曹寅和李煦为了报答皇上隆恩,在扬州西南的三汊河边修了高旻寺行宫。李斗在《扬州画舫录》里作过如下描述:“行宫在寺傍,初为垂花门,门内建前、中、后三殿,后照房。左宫门前为茶膳房,茶膳房前为左朝房,门内为垂花门、西配房、正殿、后照殿。右宫门入书房、西套房、桥亭、戏台、看戏厅。厅前为闸口亭,亭旁廊房十余间,入歇山楼;厅后石版房、箭厅,万字亭、卧碑亭。歇山楼外为右朝房,前空地数十弓,乃放烟火处。”写来是平平淡淡的一处院落,但实在内部的古董、外部的装饰,极尽奢华之能事。时有讽刺诗说:“三汊河滨筑帝家,金钱滥用比泥沙”。康熙四十四年(1705)春,康熙第五次南巡,在扬州一共住了十一天,看戏,宴请,收受曹寅和盐商等进贡的古董宝贝。他对行宫和日程安排显然十分满意,未及回京就付与曹寅通政司衔,付与李煦以大理寺卿衔。

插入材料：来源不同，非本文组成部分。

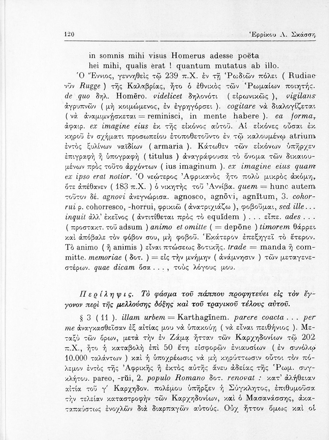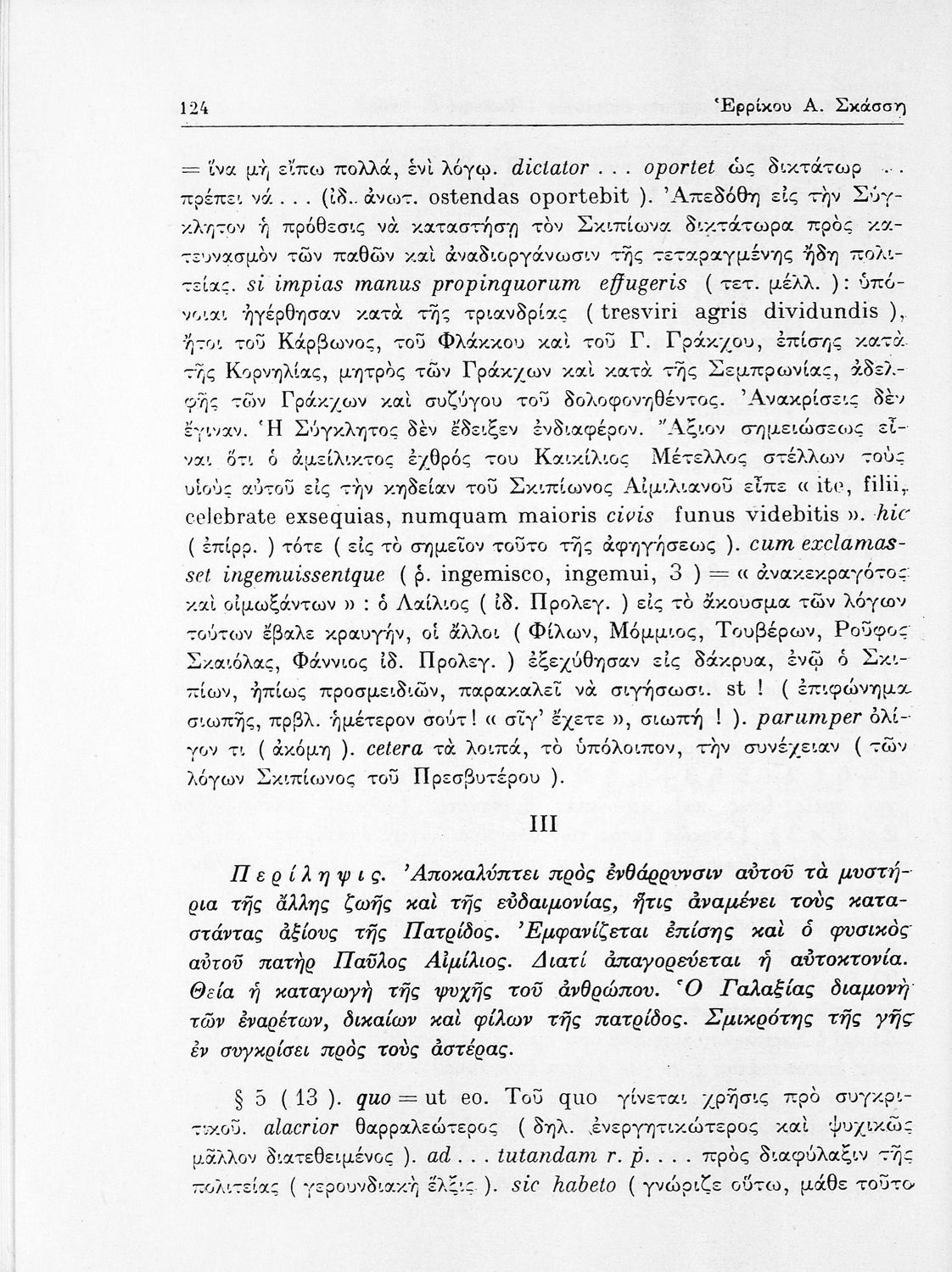 Πόπλιος Βιργίλιος Μάρων (P. Vergilius Maro), Μάρκος Τύλλιος Κικέρωνας (Marcus Tullius Ciceco), Κουίντος Οράτιος Φλάκκος (Q. Horati Flacci), Φωκίωνας Β. Βουσβούνης, Ερρίκος Σκάσσης, Ζαφείριος Ν. Φραγκίσκος (σχόλια)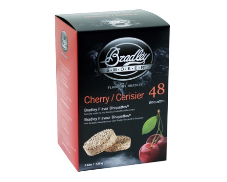 Bradley Smokers körsbärsbriketter har en söt och fyllig smak som passar fint med kyckling, vilt och ostar. Här i 48-pack som ger 16 timmar röktid.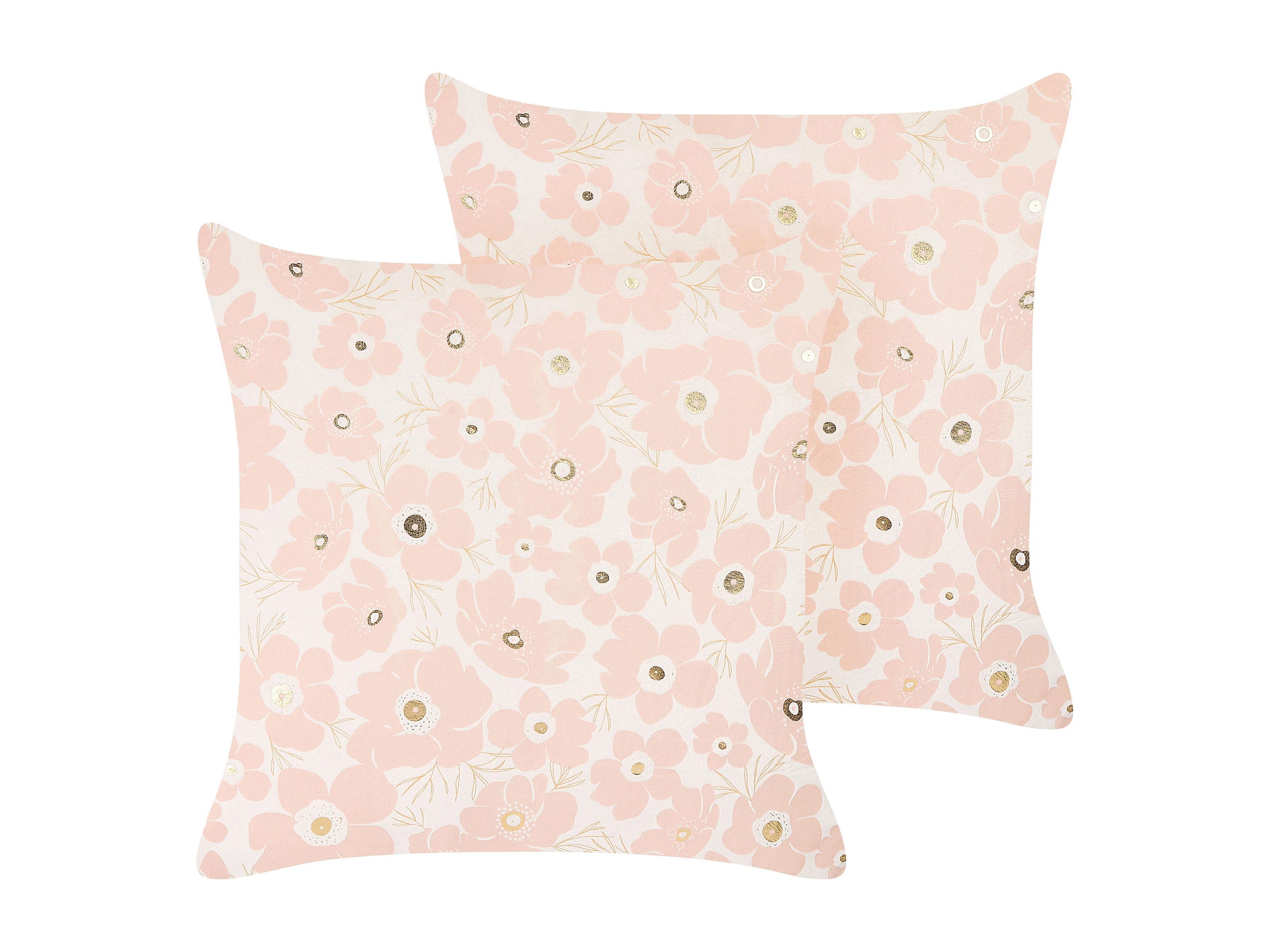 Lot de 2 coussins décoratifs ANEMONES Velours 45 x 45 cm Rose pastel Motif floral

除了管理盐务和接驾,曹寅在扬州还主持文化奇迹。康熙四十四年三月十九日,“上发《全唐诗》一部,命江宁织造曹寅校刊,以翰林彭定求等九人分校。”于是曹寅在扬州天宁寺内设“扬州诗局”,精心组织人力编校刻印《全唐诗》,至康熙四十六年落成,创造了中国雕版印刷上以“软字精校精刻”而见长的“康版”风格。对这套书,康熙评价“刻得甚好”。上文《扬州画舫录》里提及的各种“秘书”,想来也是这个大型雕版刻印工程的副产品,该当是装帧纸墨俱精的。闲插一笔,黛玉回扬州葬了父亲回来,“带了许多书原来,忙着打扫寝室,安插用具,又将些纸笔等物分送宝钗,迎春,宝玉等人。”侧写扬州书刊文具之精美,也算是个例证吧。

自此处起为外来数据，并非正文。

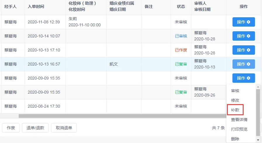 与安装版一样,零散收入同样支持补款等操作;同时订单的消费退款与退单也一并增加,出现退单退款时,可以及时操作并呈现财务报表准确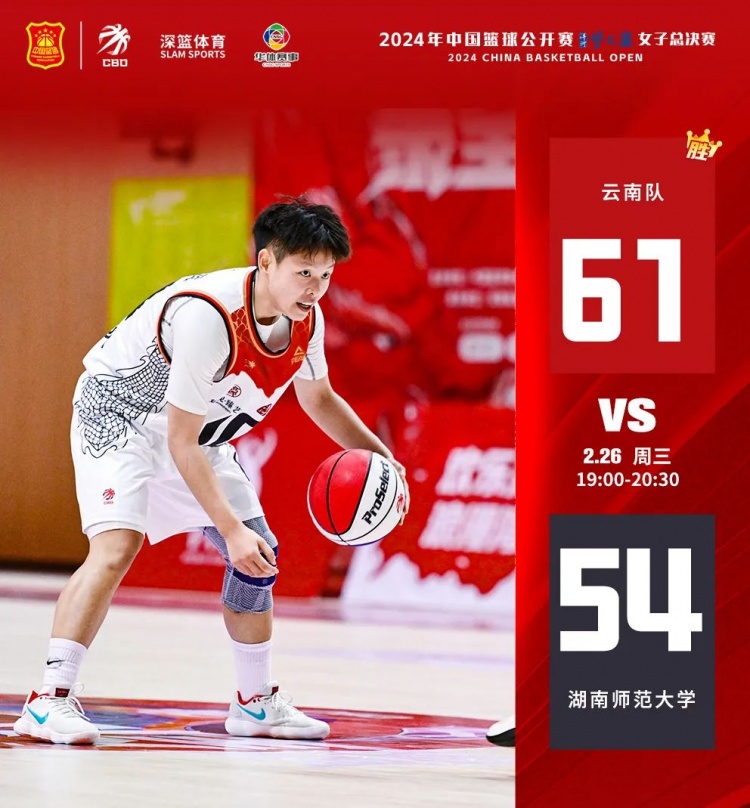 云南隊(duì)和湖南師范大學(xué)在本輪相遇,實(shí)力相當(dāng)?shù)膬芍蜿?duì)打得相對(duì)膠著。上半場(chǎng),10平后,湖南師范大學(xué)30號(hào)趙詩雨兩分命中,隨后6號(hào)沈思榆外線再貢獻(xiàn)一個(gè)三分球,15-10湖南師范大學(xué)超出。云南隊(duì)依靠6號(hào)羅菲和14號(hào)娜漢的進(jìn)攻緊咬比分。半場(chǎng)結(jié)束云南隊(duì)落后湖南師范大學(xué)1分。下半場(chǎng),兩隊(duì)依舊難解難分。在云南隊(duì)幾次外線得分實(shí)現(xiàn)反超,14號(hào)娜漢外投內(nèi)突,連續(xù)得分,云南隊(duì)士氣大漲,最終云南隊(duì)61-54戰(zhàn)勝湖南師范大學(xué)。

除了扬州行宫之外,康熙后四次南巡,都以曹寅的江宁织造府为行宫。《红楼梦》里第十六回,凤姐和贾琏的干娘赵嬷嬷“提及当年太祖天子仿舜巡的故事”,赵嬷嬷道:“嗳哟哟,好势派!
独他家接驾四次,若不是我们亲眼瞥见,见告谁谁也不信的。别讲银子成了土泥,凭是世上所有的,没有不是堆山塞海的,‘罪过可惜’四个字竟顾不得了。”凤姐道:“常听见我们太爷们也这样说,岂有不信的。只纳罕他家怎么就这么富贵呢?”赵嬷嬷道:“见告奶奶一句话,也不过是拿着天子家的银子往天子身上使罢了!
谁家有那些钱买这个虚热闹去?”
不过,曹家还真是费钱买虚热闹了。这接驾的钱天子概不卖力的,随驾来的那些爷也都是搜刮成性的。接了四次驾,曹家不仅“内囊尽上来了”,还东挪西补造成织造亏空和盐课赤字。康熙四十八年冬(1709),两江总督密报康熙,说曹寅和李煦亏欠两淮盐课银三百万两。康熙心里哪有不明白的,他一方面压下此事,一方面连连告诫曹寅和李煦:“风闻库帑亏空者甚多,却不知尔等作何法补完?把稳,把稳,把稳,把稳,把稳!
”(《苏州织造李煦奏盐法道李斯佺病危预请再简官员佐理盐务折》·康熙四十九年八月二十二日)、“两淮情弊多端,亏空甚多,必要设法补完,任内无事方好,不可轻忽。千万小心,小心,小心,小心!
”(《江宁织造曹寅奏进晴雨录折》·康熙四十九年玄月初二日)。曹寅没有办法,于次年开列清单,向天子奏明织造、盐政亏欠空五百二十余万两银子,至于“身内债负”还不算在内(《江宁织造曹寅奏设法补完盐课亏空折》·康熙五十年三月初九日)。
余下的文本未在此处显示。